DIRECTIONS - Reproduce exactly, and exclusively, the lines from the line containing "Рис. 2. Урбанизация" through the final line of the listing below.

*** SOURCE MATERIAL Section Begins ***

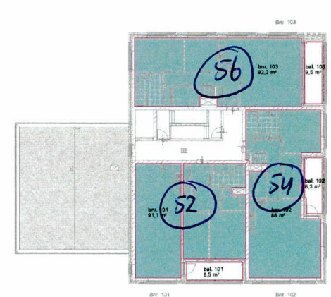
derde verdieping - gebruiksoppervlakte
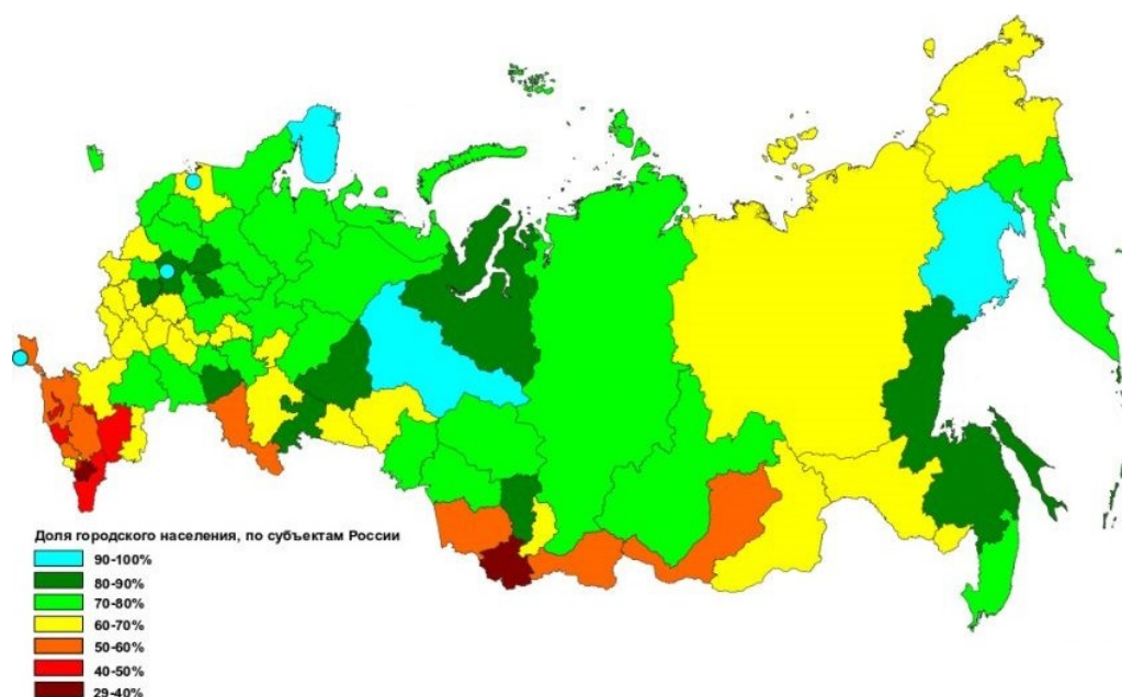
Рис. 2. Урбанизация по субъектам Российской Федерации за 2018 г.

Так, например, для развития сельского хозяйства необходимо создание механизмов развития организационно-хозяйственной инфраструктуры сельского хозяйства на региональном уровне, а именно создание вертикальных и горизонтальных связей, кооперативов в сельском хозяйстве, фермерских рынков. А вот государственное регулирование и участие в развитии сельского хозяйства обеспечивать за счет программ и проектов [2].

*** SOURCE MATERIAL Section Ends ***

SOLUTION FOR THIS EXERCISE -
Рис. 2. Урбанизация по субъектам Российской Федерации за 2018 г.

Так, например, для развития сельского хозяйства необходимо создание механизмов развития организационно-хозяйственной инфраструктуры сельского хозяйства на региональном уровне, а именно создание вертикальных и горизонтальных связей, кооперативов в сельском хозяйстве, фермерских рынков. А вот государственное регулирование и участие в развитии сельского хозяйства обеспечивать за счет программ и проектов [2].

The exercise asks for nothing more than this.